# Big Chief



## primevci

Well for people the the Big chief or little chief that have problems with it cooking unevenly i would either make a insulated blanket or buy the one they have for 25 bucks this weekend i did a batch of jerky with it and it worked pretty good seemed to hold 140 pretty well in 32 degree heat... just thought i would let people know that its a good investment I'm sure you could make the product for half the price but i was lazy :) about 2 months ago i made some jerky with it with a meat gun and i swear half of it was raw and the other half was over done if anything it cooks really Even now... Has anyone used the big chief 2 or little chief 2? i seen some at a sports store they looked really nice...


----------



## larry maddock

big chief   doesnt get very hot---

doing a brisket usually means finishing in oven


----------



## bill in mn

I have used a little chief for over 25 yrs.I think its more of a cold smoker and for flavoring.I built a UDS this fall and that's a smoker .You can dial it in pretty easy at any temp range .low 100's - 350 + I still use the LC thing for sticks and jerky but I finish them in a dehydrator 
What I have done in the past is just small things fish, jerky and sticks but now with the drum anything is game .A friend got back from hunting hogs in N.E. Texas and brought me home a cooler full of butts and loins for me to play with.I'm looking for a liquid brine to make hams and in the garbage can they will go.
Don't give up on the big chief you just have to rotate the product to even things out.Mine is hot on the bottom cool on top and all over the place around the sides and middle.Bill


----------



## tasunkawitko

the "chief" smokers are not designed for barbecue or for smoke cooking. they are more desinged to replace the old-style "smokehouses" of the old days where meats were cured and sausages were hung. any time you try to make something do what it isn't designed to do, from smokers to hunting bullets and everything in between, you're going to have problems.


----------



## beardo

I agree not it's not for cooking. But I have done jerky a few times and it works great,and getting better.Did some cheese last week and I woulnt want to do cheese on the mes.Any thoughts on smoking beacon on a little cheif,could use a big box to hang some over the top? I have a top loader-$25.00 new still in the box.......nice


----------



## tasunkawitko

agreed, bear - it's great for jerky, sausage, cheese and putting a smoky zing to foods, which is what it was designed for. it wasn't designed for cooking, and i think a lot of people don't understand that, so they get a little disillusioned with it.


----------



## beardo

I see how that can happen.But I've cought moore trout with 4-6lb test than 10-12lb test line. You need the right tool for the job. And with the top loader I can put the rack on top of the LC body and cover every thing with a big card board box and get a cooler smoke. I just wander if I could smoke bacon this way?


----------



## meat hunter

Agree here as well. Its a great smoker, for what it is intended for. Fish, jerky and drying herbs. However, I will say that you can get the Big Chief up and over 225 degrees, even here in C-O-L-D Minnesota, which I recently did. 231 degrees. 
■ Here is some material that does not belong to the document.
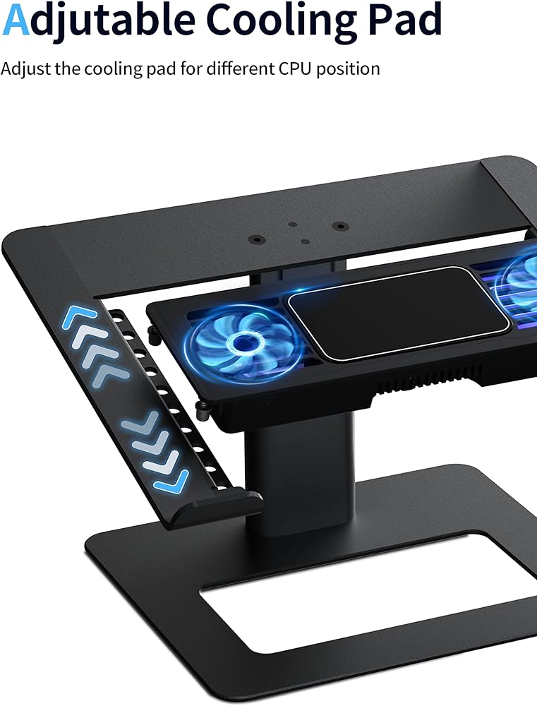تصميم قابل للتعديل ➤ يمكنك ضبط حامل اللاب توب إلى أعلى أو أقل حسب احتياجاتك، وضبط وسادة التبريد لوضع وحدة المعالجة المركزية المختلفة.

Since it was sooooo  cold here on one of my last smokes, I did not want to sit and tend to my reverse flow so I used the Big Chief, recently brought out of retirement.  I simply wrapped the smoker in 6 inches of household insulation. I used the 16 inch insulation for this and had the edge at the top of the smoker and the bottom was a few inches from where there feed door was at. You do not want  to wrap it right up to the feed door, where the ash pan is at as too much heat get trapped and the cord starts to get soft. Beleive me, I know this. This is why I now only wrap the upper parts. I also use the insulation cut a bit larger than the lid and lay that across the top. 
This does work, but I would not do this in a garage or anything, just in case of fire. 
Like I said, it does work, and one of my last smokes was done this way, a venison pastrami. 
Actually, I will be doing this again here soon, and I thing I am going to trim the insulation down to 12", since I only use the top grate. That way the lower half stays cool. 

p.s. If you try this and burn your house down, do not blame me


----------



## cptjohn1

Hello;  Just signed into this site, few comments questions.  I have and use a Big Chief Smoker.  As noted so many times, it just doesn't seem to get hot enought, but does the job.  Living in Ohio and usually smoking during the winter it is tough to keep any heat in it when you are smoker for 12 to 18 hours and during late night COLD, COLD winter months.  I usually use it only to smoke Steelhead Trought, which again are caught from late October into March-May, so you can see during the Dec., Jan and Feb. months the smoking is difficult.  Anyway, just smoked a nice catch (Nov.10) and they came out great, BUT...we have been having some crazy, nice warm weather (50'-60's) and it was not to difficult to keep the smoker "warm".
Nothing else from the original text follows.